White people would still segregate and demean black people in obvious ways, such as: having white only water fountains, schools, and diners. When black people would try to eat there they would have drinks poured on them. Their hatred for black people was so strong that they would kill their own for going against them. Like in the case of 8 year old white girl who kissed the 8 year old black boy on the cheek, and that night they came and took him and placed him on a pile of sticks to be burned. When a white official objected they mutilated him instead.
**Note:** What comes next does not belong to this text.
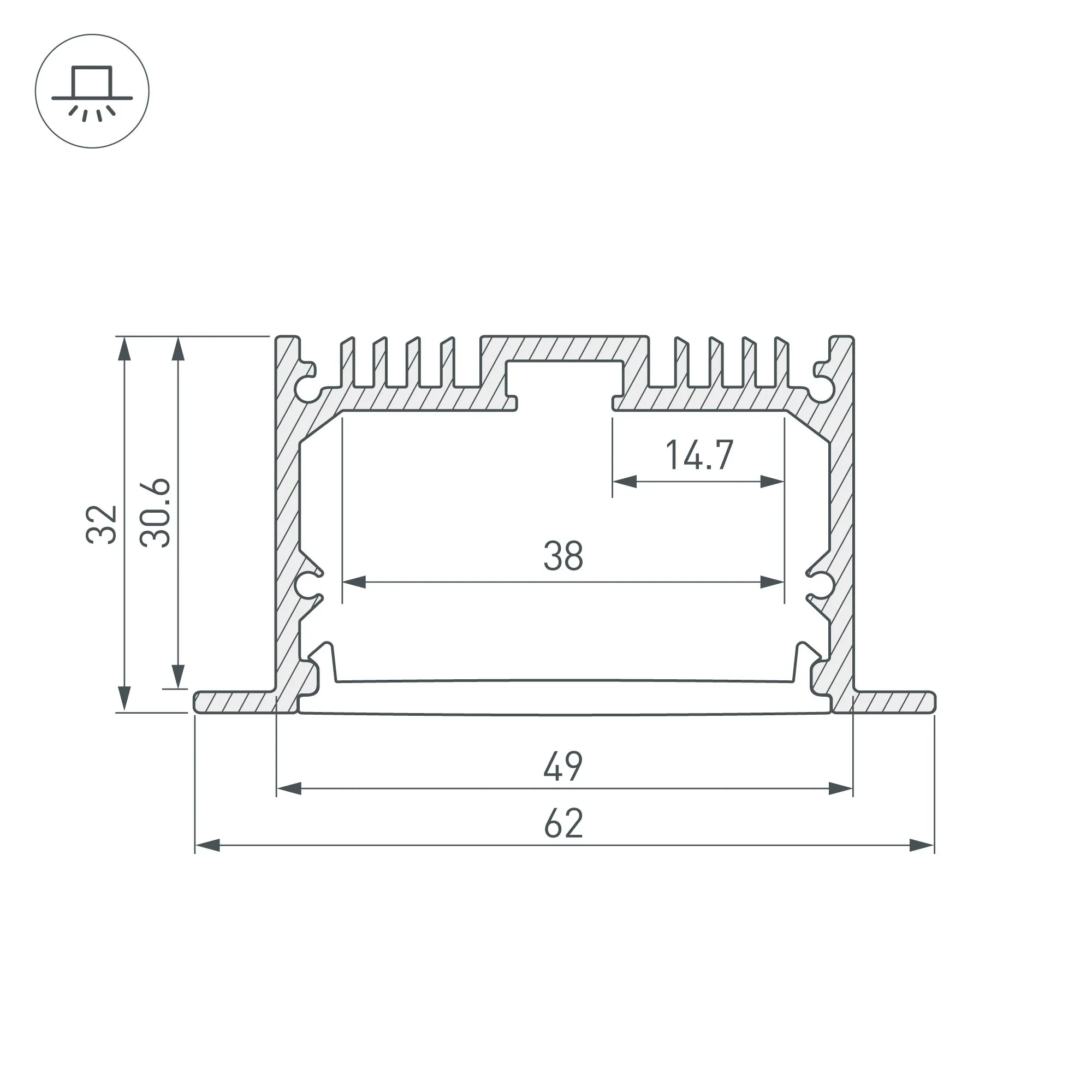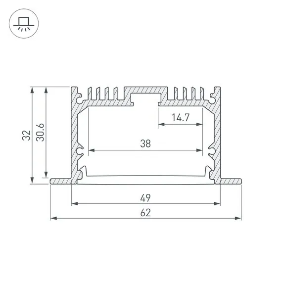 Артикул: 036170; Бренд: Arlight; товарная группа: профиль; Назначение: Для прямоугольных светильников; Тип крепления: Встраиваемый с накладным фланцем; Цвет: Серебристый; Гарантия, мес: 24; Длина, мм: 3000; Ширина, мм: 62; высота: 32

Despite all the racism and hate we still managed to become a proud people with much success in many fields, such as: writers, entertainers, freedom fighters, civil rights activist, athletes, and many more. The museum reminds me of Sankofa in the way that it takes you back in time to relive history and give a sense of where we came from and who we are as a people. We can’t truly appreciate what we have accomplished if we don’t understand where we started. I have come to understand and appreciate everything that I have, and my ancestors ad to fight for. My rights to vote, eat where I want, learn where I want, and have the same opportunities as everyone else. The kind of things that we have taken for granite now seem so much more important to me after learning about the Sankofa and Maafa, and visiting the Blacks in Wax Museum. Willie Lynch’s letter on how to so call “control the slaves” was an underestimation of the Africans mental process and loyalty to each other. He was mistaken by thinking that he could pit them against each other in order to gain control over them.
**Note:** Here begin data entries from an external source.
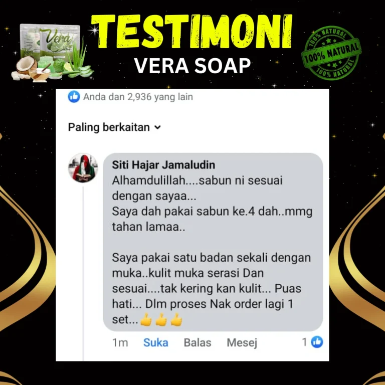 Jika digunakan 3 kali sehari. 1 sabun vera bertahan selama 2 minggu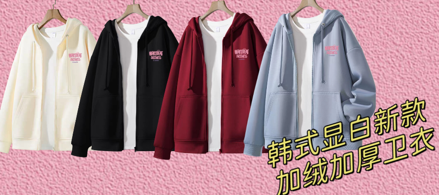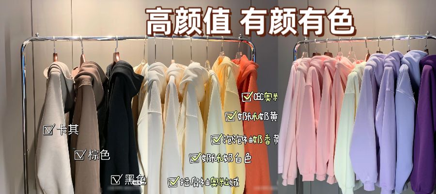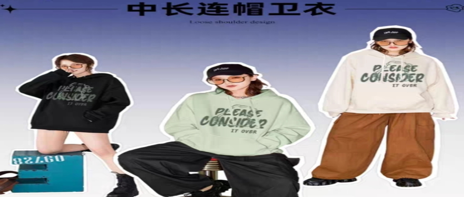 1.100%纯棉 2.秋冬季新款 3.宽松连帽 4.微落肩版型 5.罗纹下摆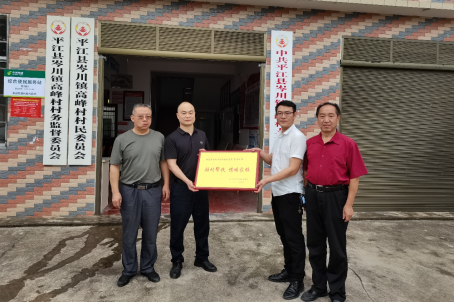 本网讯  近日,平江县岑川镇岑川中学唐校长一行人到高峰村村部,给Beat365官网驻高峰村工作队副队长蒋丹送来一块牌匾:驻村帮扶,情暖家校,感谢他为岑川中学家长学校的家庭教育工作付出的辛勤劳动。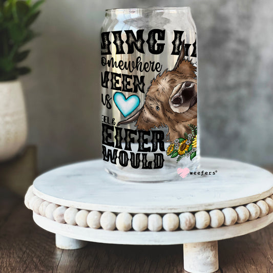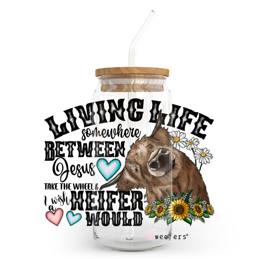 Funny Living Life 16oz Libbey Glass Can UV DTF or Sublimation Wrap - Decal

They were intelligent enough to realize that the enemies were the slave owners, not their fellow countrymen. He tries to compare breaking a slave with breaking a horse. The only problem with that idea is that the slaves were not animals. Of course if you break in a horse to be gentle by petting it and feeding it from your hand you can gain its trust, but tarring and torturing a slave will only bring about fear a resistance. If a woman sees a male beaten in front of her till near death she will be more likely to try to either get her child out to safety or kill it for fear of it growing up in a situation like this.
If she does keep the child with her, her influence alone will not raise the child. There will be others that will have the same influence upon the child, and it will feed off of everyone’s thoughts and feelings and acquire his own. Willie Lynch assumed that the slaves, whom he and the other slave owners snatched from their homes and families, would be willing to trust them over the other Africans. His racism led him to believe that the Africans could be broken into trained animals and do his bidding.
He suggests that they should dehumanize these people to the point where they have no culture, only the new one they are provided with. As proud as the Africans were as people it is sad to say that some of the baggage has carried over from slavery to us today. We see people killing each other over shoes and money. Stealing from our neighbors and raping the women we should be uplifting. We have females hating on other females, because they have light skin and “good” hair. The slave owners provided use with the slave mentality; now some of us still live by it and break each other down.